Section 5. Grounds for dismissal of appeal. — The appeal may be
dismissed motu proprio or on motion of the respondent on the
following grounds:
(a) Failure to take the appeal within the reglementary period;
(b) Lack of merit in the petition;
(c) Failure to pay the requisite docket fee and other lawful fees or to
make a deposit for costs;
(d) Failure to comply with the requirements regarding proof of service
and contents of and the documents which should accompany the
petition;
(e) Failure to comply with any circular, directive or order of the
Supreme Court without justifiable cause;
(f) Error in the choice or mode of appeal; and
(g) The fact that the case is not appealable to the Supreme Court. (n)

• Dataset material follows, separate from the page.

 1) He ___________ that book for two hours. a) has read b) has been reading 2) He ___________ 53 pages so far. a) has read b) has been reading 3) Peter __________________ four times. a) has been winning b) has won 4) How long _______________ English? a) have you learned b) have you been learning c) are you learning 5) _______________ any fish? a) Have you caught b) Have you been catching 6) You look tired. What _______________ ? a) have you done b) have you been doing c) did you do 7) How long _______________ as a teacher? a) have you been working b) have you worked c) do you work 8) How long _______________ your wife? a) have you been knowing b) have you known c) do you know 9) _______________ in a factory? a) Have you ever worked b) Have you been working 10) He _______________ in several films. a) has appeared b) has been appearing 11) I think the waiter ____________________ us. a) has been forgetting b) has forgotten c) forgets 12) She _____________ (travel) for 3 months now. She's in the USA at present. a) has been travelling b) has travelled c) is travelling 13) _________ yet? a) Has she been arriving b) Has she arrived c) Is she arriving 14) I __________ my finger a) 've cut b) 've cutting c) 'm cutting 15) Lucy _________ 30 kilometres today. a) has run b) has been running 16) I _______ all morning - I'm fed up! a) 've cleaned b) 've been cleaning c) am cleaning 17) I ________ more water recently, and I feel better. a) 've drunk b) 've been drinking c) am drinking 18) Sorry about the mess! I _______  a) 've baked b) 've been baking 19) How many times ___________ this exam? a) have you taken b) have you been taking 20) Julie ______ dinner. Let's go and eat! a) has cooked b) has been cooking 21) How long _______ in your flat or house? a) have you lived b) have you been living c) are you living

16. How to appeal and what are the contents of notice of appeal
from MTC to the RTC
The appeal is taken by filing a notice of appeal with the court that
rendered the judgment or final order appealed from. The notice of
appeal shall indicate the parties to the appeal, the judgment or final
order or part thereof appealed from, and state the material dates
showing the timeliness of the appeal.
The full names of all the parties to the proceedings shall be stated in
the caption of the record on appeal and it shall include the judgment
or final order from which the appeal is taken and, in chronological
order, copies of only such pleadings, petitions, motions and all
interlocutory orders as are related to the appealed judgment or final
order for the proper understanding of the issue involved, together
with such data as will show that the appeal was perfected on time. If
an issue of fact is to be raised on appeal, the record on appeal shall
include by reference all the evidence, testimonial and documentary,
taken upon the issue involved. The reference shall specify the
documentary evidence by the exhibit numbers or letters by which it
was identified when admitted or offered at the hearing, and the
testimonial evidence by the names of the corresponding witnesses.
If the whole testimonial and documentary evidence in the case is to
be included, a statement to that effect will be sufficient without
mentioning the names of the witnesses or the numbers or letters of
exhibits. Every record on appeal exceeding twenty (20) pages must
contain a subject index. (6a)

17. Modes of Appeal


Section 2. Modes of appeal. —
(a) Ordinary appeal. — The appeal to the Court of Appeals in cases
decided by the Regional Trial Court in the exercise of its original
jurisdiction shall be taken by filing a notice of appeal with the court
which rendered the judgment or final order appealed from and
serving a copy thereof upon the adverse party. No record on appeal
shall be required except in special proceedings and other cases of
multiple or separate appeals where law on these Rules so require. In
such cases, the record on appeal shall be filed and served in like
manner.
(b) Petition for review. — The appeal to the Court of Appeals in cases
decided by the Regional Trial Court in the exercise of its appellate
jurisdiction shall be by petition for review in accordance with Rule 42.
(c) Appeal by certiorari. — In all cases where only questions of law
are raised or involved, the appeal shall be to the Supreme Court by
petition for review on certiorari in accordance with the Rule 45. (n)

18. Residual Jurisdiction


The "residual jurisdiction" of the trial court is available at a stage
in which the court is normally deemed to have lost jurisdiction over
the case or the subject matter involved in the appeal.